Indacaterol is a long-acting β2-adrenoreceptor agonist for use once a day. The pharmacological effects of β2-adrenoreceptors, including indacaterol, are at least partially explained by the stimulation of intracellular adenylate cyclase, an enzyme that catalyzes the conversion of ATP to cyclic 3 ', 5'-adenosine monophosphate (cyclic monophosphate). Increased cAMP causes relaxation of the smooth muscles of the bronchi. In vitro studies have shown that indacaterol is more than 24 times more potent than β2 receptor agonist compared to β1 receptors and 20 times more potent than β3 receptors.

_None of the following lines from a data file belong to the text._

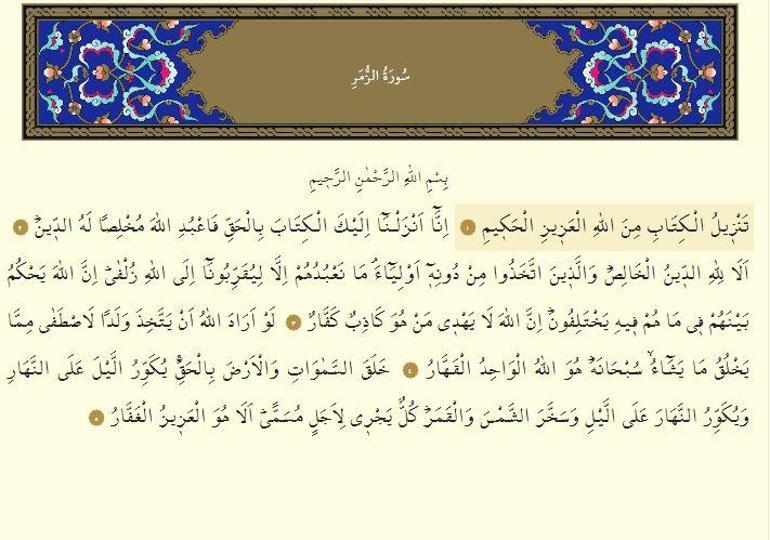Zümer suresinin sırrı havası ve faziletleri zümer süresini okumaya devam eden kimse hak katında aziz olur ve kerem i i̇lahiye nail olur. 2 vücudunun herhangi bir yerinde ağrı olan kişi bir kap içersine yunus suresinin 12. Yaratılan binlerce canlı içerisinde akıl ve şuur sahibi olan ve aynı zamanda hz. Ayeti kerimesini mürekeble yazıp zeytinyağı doldurur ve o kabı ateşte ıstttıktan sonra ağrıyan yerin üzerine sürmelidir.
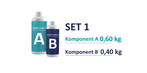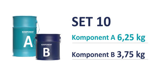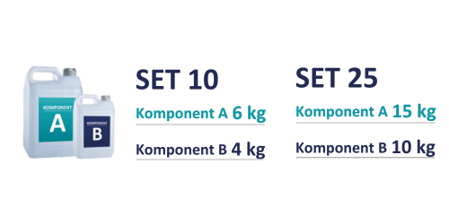 Dostępne zestawy (SET 1, SET 10, SET 25) zawierają odpowiednio odmierzone ilości komponentu A i B, co zapewnia wygodę mieszania i aplikacji. Dzięki tej elastyczności nie tylko zoptymalizujesz budżet, ale również zminimalizujesz odpady i uprościsz cały proces wykonania posadzki.
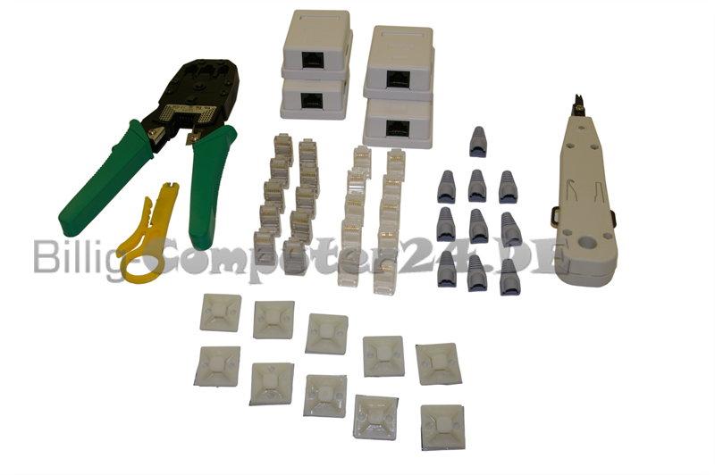 Crimpzange RJ45,20 Stecker,4 Netzwerkdose,10 Klebesockel Kabelhalter,10 Tülle,1 LSA-Anlegewerkzeug
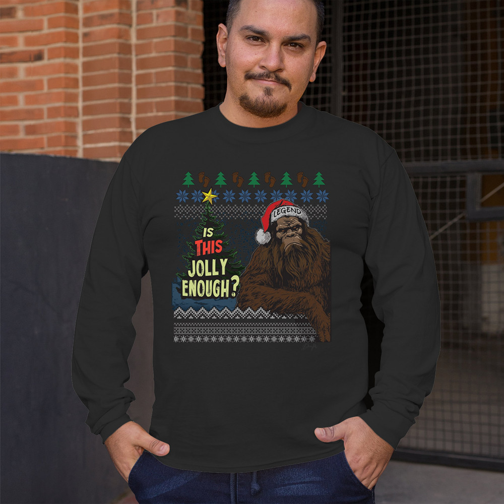 Add humor to your holiday season with the "Is This Jolly Enough?" design, featuring a legendary creature ready for Christmas cheer. Perfect for holiday gatherings and cozy winter nights!
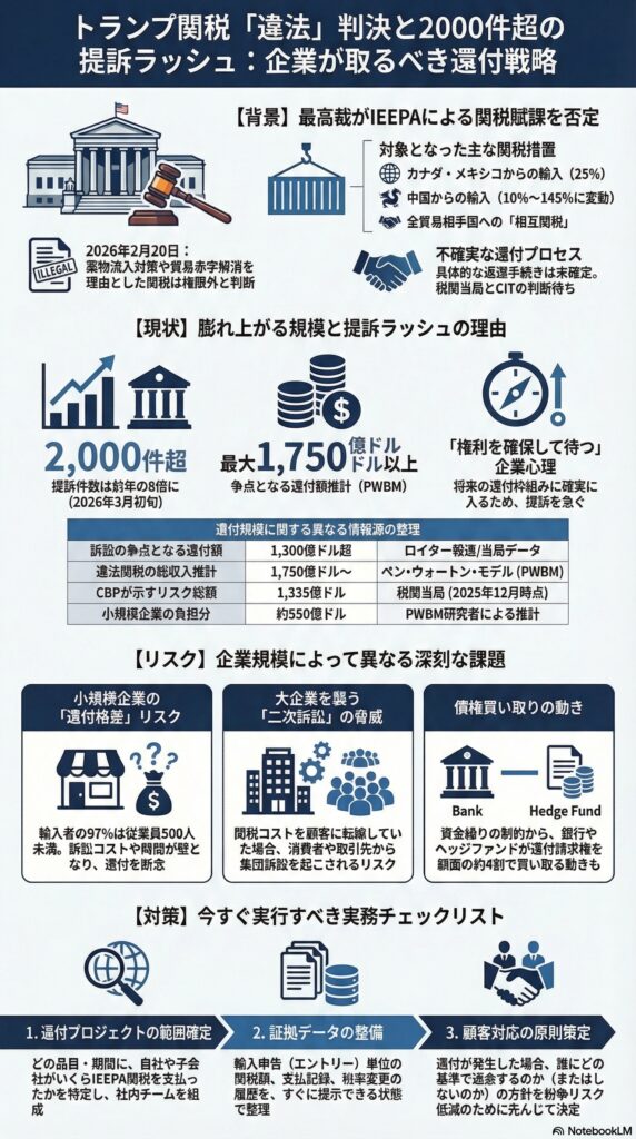 企業側は、回収と並行して、価格条項、サプライチェーン、在庫回転、調達先分散の意思決定を「関税変動がまた起きる前提」で見直す必要があります。
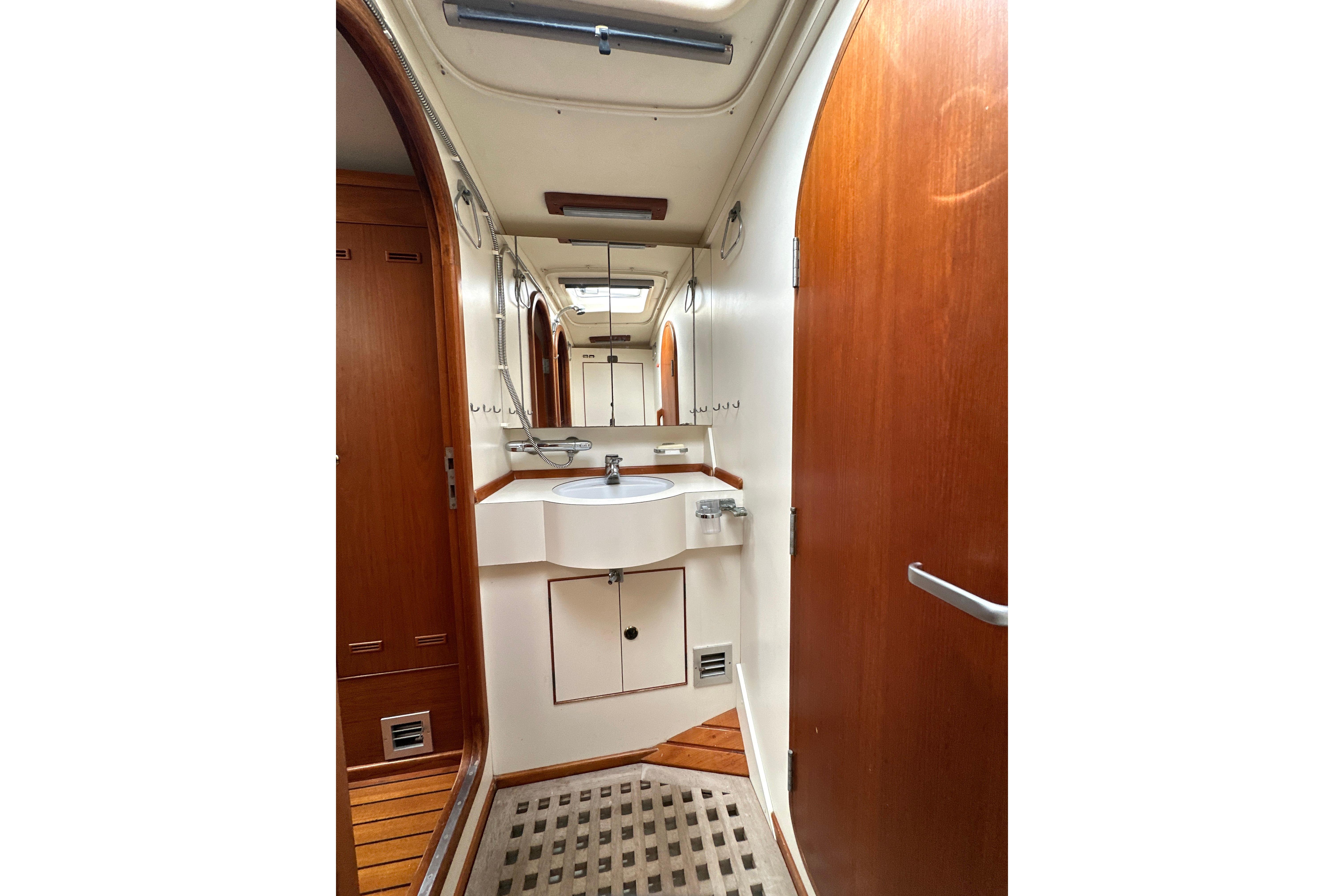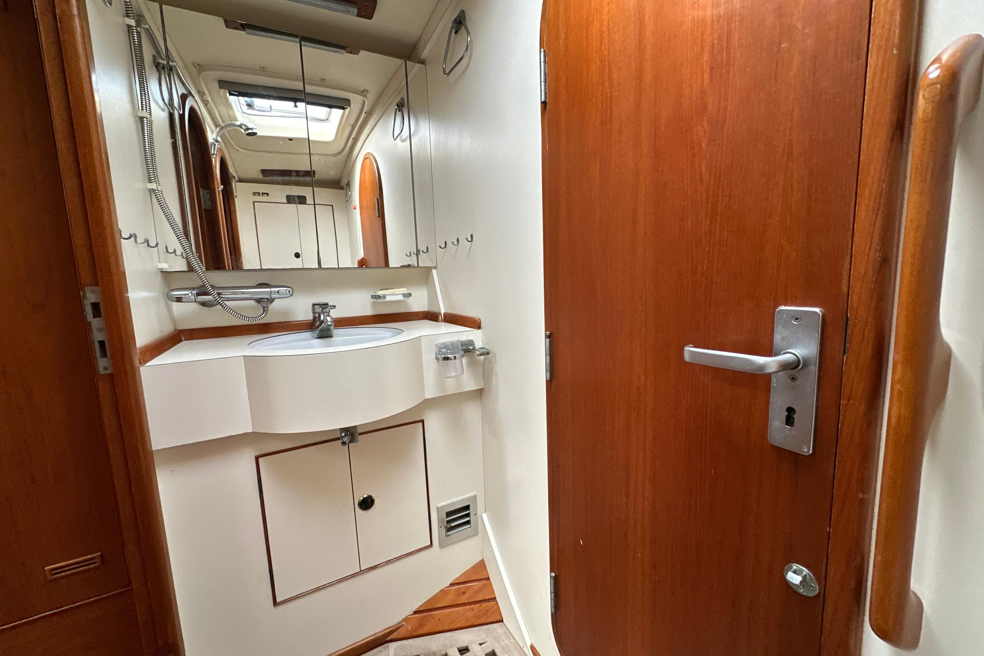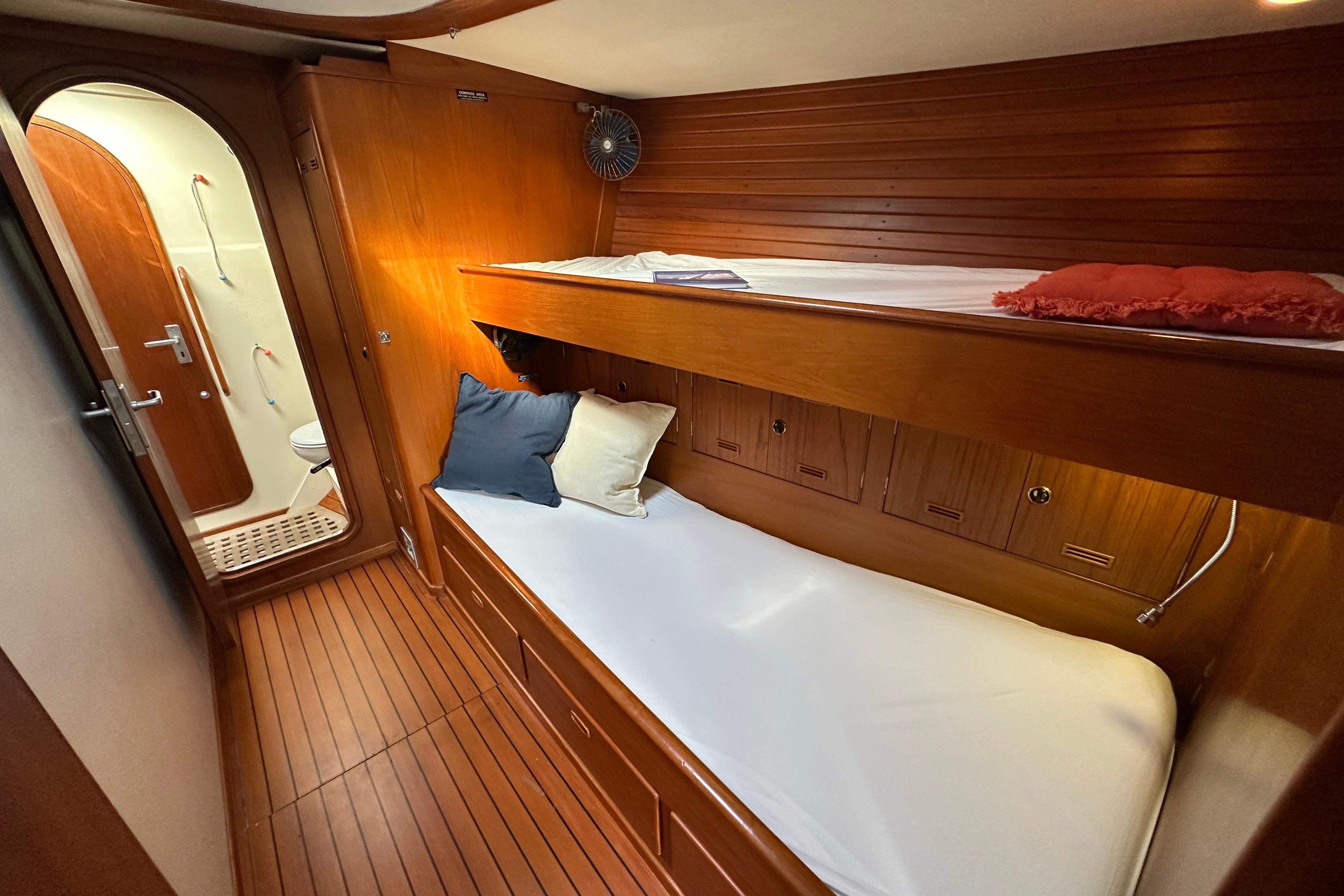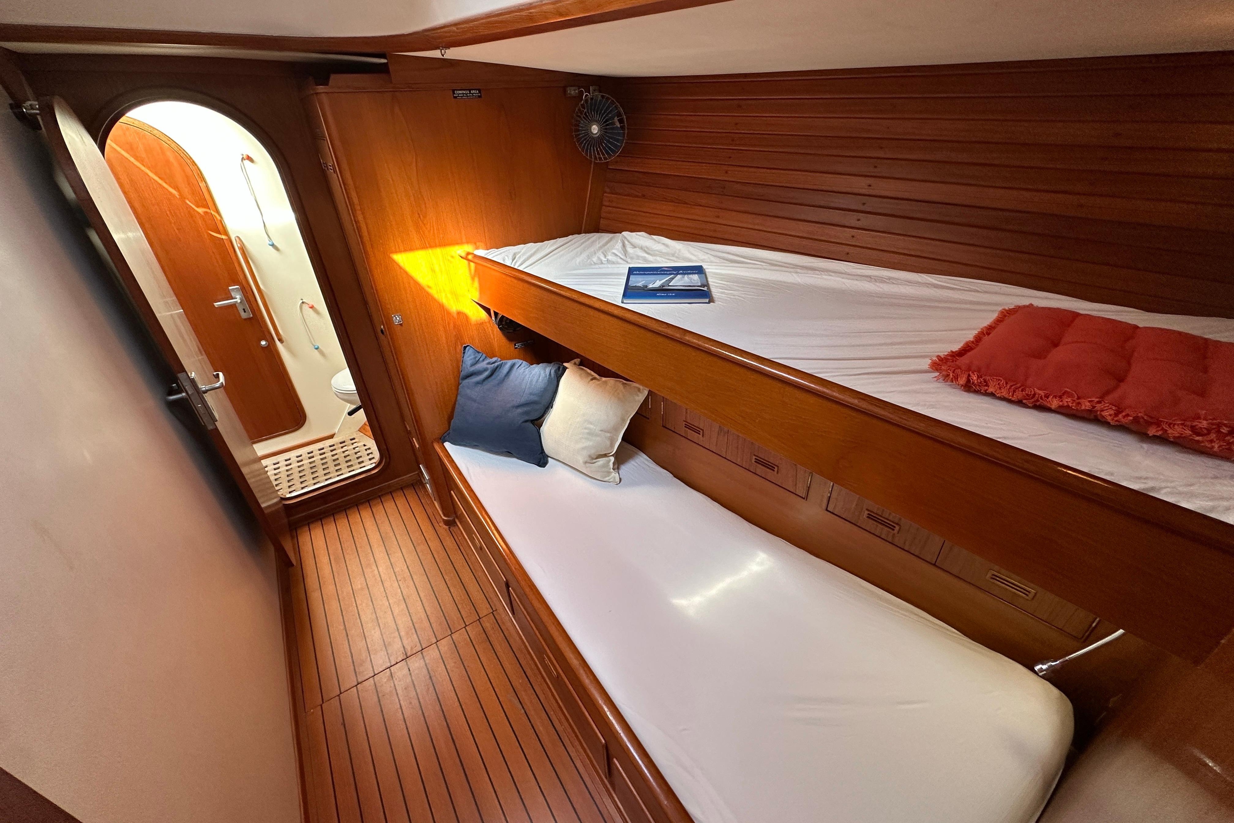 The interior offers a very spacious owner’s aft cabin with private head, including shower, toilet, and basin. The saloon features a large dining area to port and a cozy lounge corner to starboard. Forward, there is a V-berth cabin and two twin-bunk cabins on either side, connected to a generous head.

This selectivity profile is similar to that of formoterol. When inhaled, indacaterol acts locally in the lungs as a bronchodilator. Indacaterol is a partial human β2-adrenoreceptor agonist with nanomolar potency. In isolated human bronchi, indacaterol has a rapid onset and a longer duration of action. Although β2 receptors are the predominant adrenergic receptors in bronchial smooth muscles, and β1 receptors are the predominant receptors in the human heart, β2-adrenergic receptors are also in the human heart, which contains 10–50% of the total number of adrenoreceptors.The exact functions of the β2-adrenoreceptors in the heart are unknown, but their presence increases the likelihood that even highly selective β2-adrenergic agonists may exhibit cardiac effects.
Glycopyrronium is a long-acting inhaled muscarinic receptor antagonist (anticholinergic) for 1 time per day in order to support bronchodilator therapy for chronic obstructive pulmonary disease (COPD). Parasympathetic nerves are the major bronchoconstrictive neural pathways in the airways, and cholinergic tone is a key component of reversible airway obstruction in COPD. Glycopyrronium acts by blocking the bronchoconstrictive effect of acetylcholine on the smooth muscle cells of the respiratory tract, thereby expanding the airways.
Glycopyrronium bromide is a high affinity muscarinic receptor antagonist. More than 4-fold selectivity for human M3 receptors compared to human M2 receptors has been demonstrated in radioligand binding studies. It has a rapid onset of action, as evidenced by the observed kinetic parameters of receptor association / dissociation and the onset of action after inhalation in clinical studies.
The duration of action may be partially associated with a stable concentration of the active substance of the drug in the lungs, manifested in a prolonged T&№189; of glycopyrronium after inhalation of glycopyrronium, unlike that after intravenous administration.
It is a pharmaceutical drug. Use only as directed by your doctor.